This is one of those stories that could have inspired Indiana Jones. At the beginning of the 20th century, German amateur archaeologists were in the middle of Iraq, on an expedition to discover the treasures of Babylon. During an excavation at the great ziggurat of Aššur, on the west bank of the Tigres River, they discovered two tremendously mysterious objects.
They were two beads made of an orange material that researchers from the Royal Museum in Berlin and the German East Society, who had been working in this ancient Assyrian capital for a decade, found in 1914 in a deposit dating from around 1800-1750 before Christ.
A century later
Its material was not identified until more than a century later. Just a few weeks ago, experts from the Museum of Prehistory in Halle used a technique called Fourier Transform Infrared (FT-IR) spectroscopy to reveal that the beads were made of amber and represent some of the first specimens of this fossilized resin in the Southwest Asia. But that was not all.
The analyzes in the laboratory served to find the origin of the amber, a place located in the region of the Baltic Sea or the North Sea, thousands of kilometers away from Iraq. Despite severe weathering over centuries, the spectrometry matched that of Baltic amber (succinite).
The beads were made with amber from the Baltic region.

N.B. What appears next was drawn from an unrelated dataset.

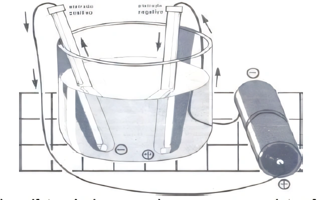 A figura a seguir representa minimamente um processo de eletrólise em um laboratório de química para o Ensino Médio.

Aššur (now Qala’at Sherqat) is one of the most important archaeological sites in northern Mesopotamia. The beginnings of this settlement date back to the third millennium BC, and from the 19th century BC, the city became the center of an Assyrian territorial state.

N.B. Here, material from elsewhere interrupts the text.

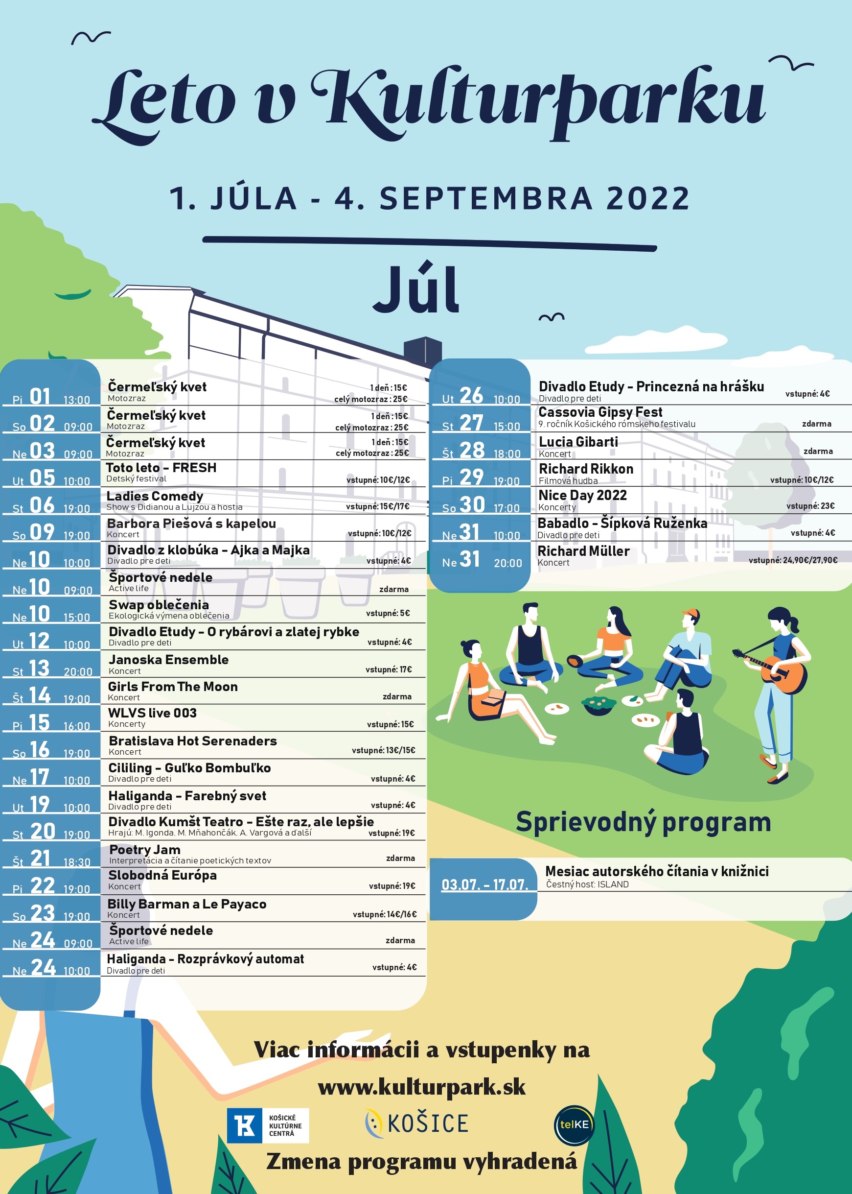 Čo nás čaká v nasledujúcich mesiacoch? Odpoveďou sú headlineri, bez ktorých si Leto v Kulturparku ani nevieme predstaviť. Nabudí vás zraz motorkárov Čermeľský kvet. Osviežiť humorom prídu Didiana s Lujzou a ich Ladies Comedy, ale nalaďte sa tiež na Stand-up Comedy. Do Košíc sa chystá aj známa štvorica muzikantov Janoska Ensemble. Pre mladú generáciu chystá koncert WLVS live 003, vzácnymi hosťami budú Bratislava Hot Serenaders. Divadlo Kumšt Teatro sa predstaví hrou Ešte raz, ale lepšie. Vychutnáte si aj koncerty Billyho Barmana a Le Payaco, Richarda Müllera, IMT Smile, Bobana Markoviča a skupiny Vidiek, Richarda Rikkona, Barbory Piešovej, ale aj vystúpenie Kalusch Orchestra.

From 1903 to 1914, German archaeologists led by Walter Andrae (1875-1956) excavated the area. Among his objectives was to study the great ziggurat (stepped tower of the temple). In April 1914, while researchers were searching for foundation layers, excavators widened an existing old tunnel.

The foundations of the Aššur ziggurat
There they discovered several thousand shell, stone, glass and ceramic beads lying directly on the bedrock, below the first layer of adobe. Part of the finds ended up being part of the collection of the Vorderasiatisches Museum in Berlin.
Among the objects found were two disc-shaped whose material differed from the rest. Once studied, it has been verified that the amber beads represent a clear example of long-distance cultural contacts during the Early Bronze Age.

A necklace made of amber belonging to the Únětice culture
“The extreme rarity of amber both in the Mediterranean and in the Near East before 1550 BC can be explained by the fact that the Únětice culture of Central Germany – whose wealth and importance is expressed, for example, in its richly furnished princely tombs or in the celestial disk of Nebra – controlled the paths by which the amber could reach the south”, say the specialists In an article published in the magazine Archaeological Act.
Amber finds from the early 2nd millennium BC are “extremely rare” and “probably exclusive gifts from people who traveled extensively from central or western Europe to visit southern elites,” they add.

The Nebra sky disk is one of the oldest representations of the celestial vault, dating to about 3,600 years ago.
When the Únětice culture came to an end, around 1550 BC, the picture changed and a widespread trade in this fossilized resin of vegetable origin (it comes mainly from the remains of coniferous trees and some angiosperms) was established, which made amber became available in large quantities in the Mediterranean and Middle East.